Silicon chips are made in an extremely precisely controlled environment – but it is not perfect; the result is that we can’t make big chips with an adequate yield. Big systems must be built from many smaller chips. Rent’s rule causes congestion in electronics systems – we don’t have enough chip pins to connect the individual chips as we would like. The other main empirical law of electronics is of course Moore’s Law – the chip’s transistors will halve in size every 18 months or thereabouts. So the number of terminals (chip pins) needs to increase for a given area of silicon. Technology has not allowed the pins to shrink at anywhere near the same rate as Moore’s Law has shrunk the transistors. With the scaling laws against us, we must use design innovation. An example of such innovation is the now widespread use of SERDES (serializer-deserializers – high-speed time-multiplexed I/O). For example, we can get 8Gbps (Gigabits per second) of data across a PCI Express (Gen3) pair of differential pairs instead of, say, 4 x 200MHz = 0.8Gbps bandwidth with normal I/O – a 10-fold increase.
Similarly, there are presumably ontogenetic reasons why the brains of all mammals develop 2 hemispheres and we are genetically stuck with it. Evolution cannot rework this ‘fact’ but it can evolve ‘innovations’ such as myelination – the sheathing of the neuron’s axon to allow faster signalling. Myelin is what makes the ‘white matter’ (as opposed to ‘grey matter’) white. The Corpus callosum is the largest white matter structure in the brain. Conceivably, the communications bandwidth between the hemispheres is thereby increased.
One of about every 4000 people are born without a corpus callosum — a condition called ‘agenesis of the corpus callosum’ (AgCC). Whilst there can be many resulting behavioural disorders such as autism, it is surprising that such a radical restructuring of the brain can lead to some such people having normal IQs.
Researchers at Caltech have shown that left and right hemispheres’ activity in AgCC patients is coordinated in the same way as normal people: “How do they manage to have normal communication between the left and right sides of the brain without the corpus callosum?”

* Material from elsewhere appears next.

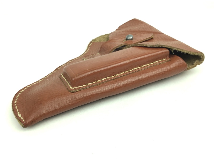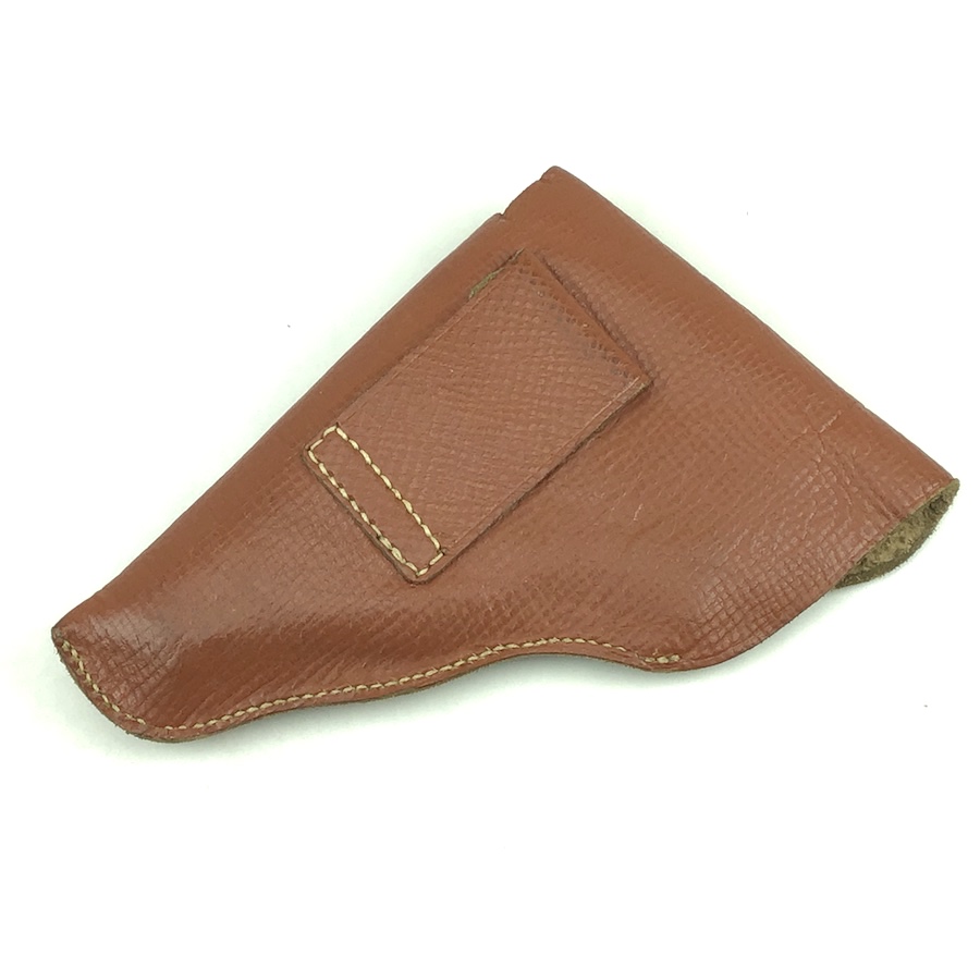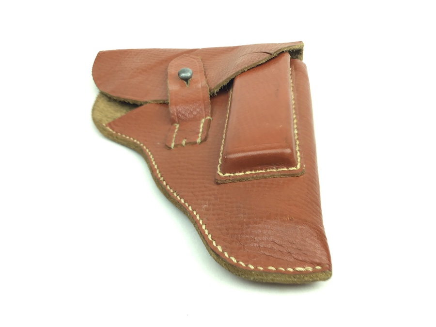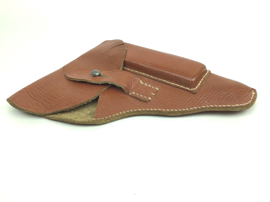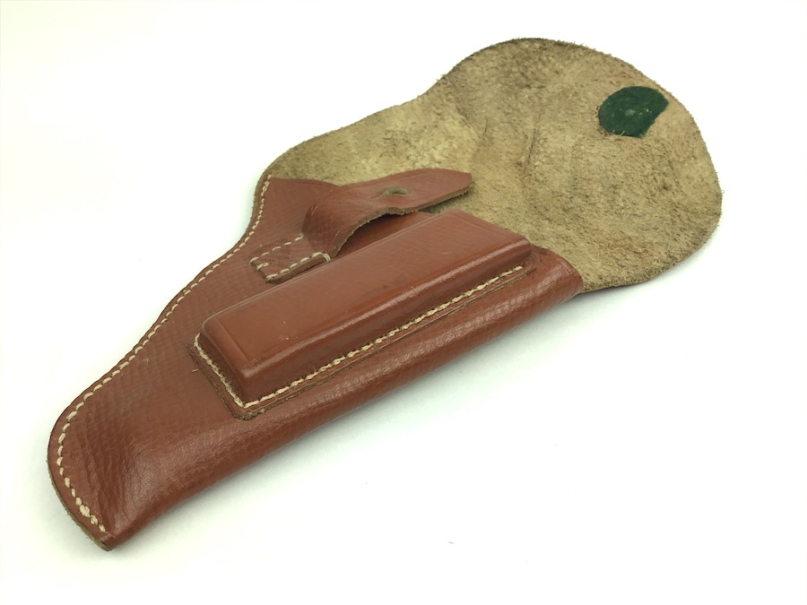 4/3/20 – German, late WWII style universal holster for a .32 caliber sized handgun. Thin, pliable leather with a nice looking grain. Typical end of war production, but still a nice clean piece. Excellent all original stitching. Appears that someone glued a green patch over the interior side of the knob.
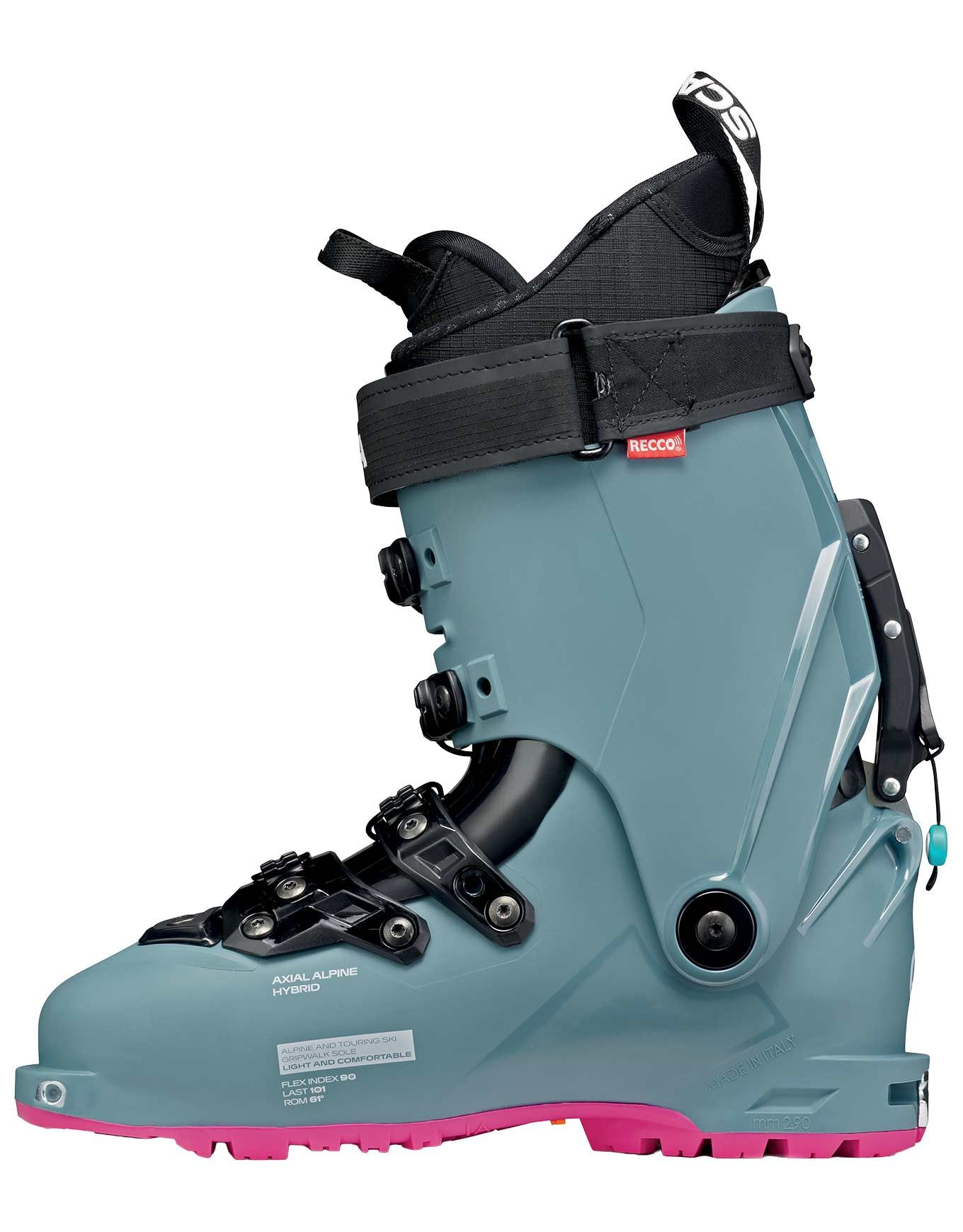 La transition immédiate entre mode marche et mode ski s’effectue grâce au nouveau mécanisme aluminium. Manipulation aisée même avec des gants garantie par le levier et la boucle aux formes ergonomiques, avec un débattement de 61 ° assurant souplesse du déroulé podal et ascensions dépourvues de toute gêne.

A Kurzweil blog highlights a rather ambitious paper by Johnjoe McFadden (University of Surrey) which proposes an answer to that question: that electromagnetic fields permit communication between the hemispheres.
Looking for an analogy with cities, cities often evolve around a river crossing. The river divides the city, providing only a few places for traffic to cross. A major solution to overcoming this communications bottleneck – the mobile phone!